My sample select statement is
select x as foo from xyz where x='1' union select y from abc except select z from pqr
This statement gets correctly parsed, and when I extract the dict from the parse results, I would expect some way to distinguish between the 3 select statements here. However the dict is overwritten internally and returns only the last select statement.
parseResults.asDict()
on the above statement gives me
{'columns': [{'col': {'col': ['z']}}],
'from': [{'table': [['xyz']]}, {'table': [['abc']]}, {'table': [['pqr']]}],
'where_expr': [{'col': ['x']}, '=', '1']}
Which seems jumbled. I would ideally expect the result to look something like this
{
'select_core': {
'columns': [
{
'col': {
'col': [
'x'
]
}
}
],
'from': [
{
'table': [
[
'xyz'
]
]
}
],
'where_expr': [
{
'col': [
'x'
]
},
'=',
'1'
]
},
compund_operation: [
{
operation: 'UNION'
'columns': [
{
'col': {
'col': [
'y'
]
}
}
],
'from': [
{
'table': [
[
'abc'
]
]
}
],
'where_expr': []
},
{
operation: 'EXCEPT'
'columns': [
{
'col': {
'col': [
'z'
]
}
}
],
'from': [
{
'table': [
[
'pqr'
]
]
}
],
'where_expr': []
}
]
}
Any help on how I should label the grammar so that I can get a result like the above?
I think this has something to do with how the statements are labeled. I have tried labeling the select statements, but I am unable to correctly label the + ZeroOrMore(compound_operator + select_core)
statement to give me the nested dict I desire.
Nice work on writing this extension. Wrap the select_core
in a Group to keep the results names from overwriting each other. I'm guessing that this expression in full is something like select_core + ZeroOrMore(compound_operator + select_core)
. You can rewrite as:
expr = Group(select_core) + ZeroOrMore(compound_operator + Group(select_core))
or just:
select_core = Group(select_core)
expr = select_core + ZeroOrMore(compound_operator + select_core)
Either way, wrapping the select_core in a Group will make it have its own names.

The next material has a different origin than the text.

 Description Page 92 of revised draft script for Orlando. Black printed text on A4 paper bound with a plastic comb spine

EDIT: Took another look at select_parser.py, and I think these changes will do the proper grouping for you (and I'll include these changes in the next release, they look like a good idea anyway).

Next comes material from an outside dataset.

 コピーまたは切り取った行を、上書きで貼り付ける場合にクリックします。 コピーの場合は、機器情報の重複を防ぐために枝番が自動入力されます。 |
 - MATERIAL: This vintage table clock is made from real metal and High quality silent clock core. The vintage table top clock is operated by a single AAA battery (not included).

select_core = Group( # <-- add this Group
SELECT
+ Optional(DISTINCT | ALL)
+ Group(delimitedList(result_column))("columns")

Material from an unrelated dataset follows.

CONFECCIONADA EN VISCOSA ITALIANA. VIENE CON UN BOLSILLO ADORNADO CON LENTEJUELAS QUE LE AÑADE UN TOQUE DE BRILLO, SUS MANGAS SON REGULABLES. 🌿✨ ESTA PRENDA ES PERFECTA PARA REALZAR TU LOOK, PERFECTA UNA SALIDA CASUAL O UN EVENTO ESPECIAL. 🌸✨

+ Optional(FROM + join_source("from*"))
+ Optional(WHERE + expr("where_expr"))
+ Optional(
GROUP
+ BY
+ Group(delimitedList(ordering_term))("group_by_terms")
+ Optional(HAVING + expr("having_expr"))
)
)
select_stmt << (
Group( # <-- add Group
select_core + ZeroOrMore(compound_operator + select_core)
)("select_terms") # <-- results name
+ Optional(ORDER + BY + Group(delimitedList(ordering_term))("order_by_terms"))
+ Optional(
LIMIT
+ (Group(expr + OFFSET + expr) | Group(expr + COMMA + expr) | expr)("limit")
)
)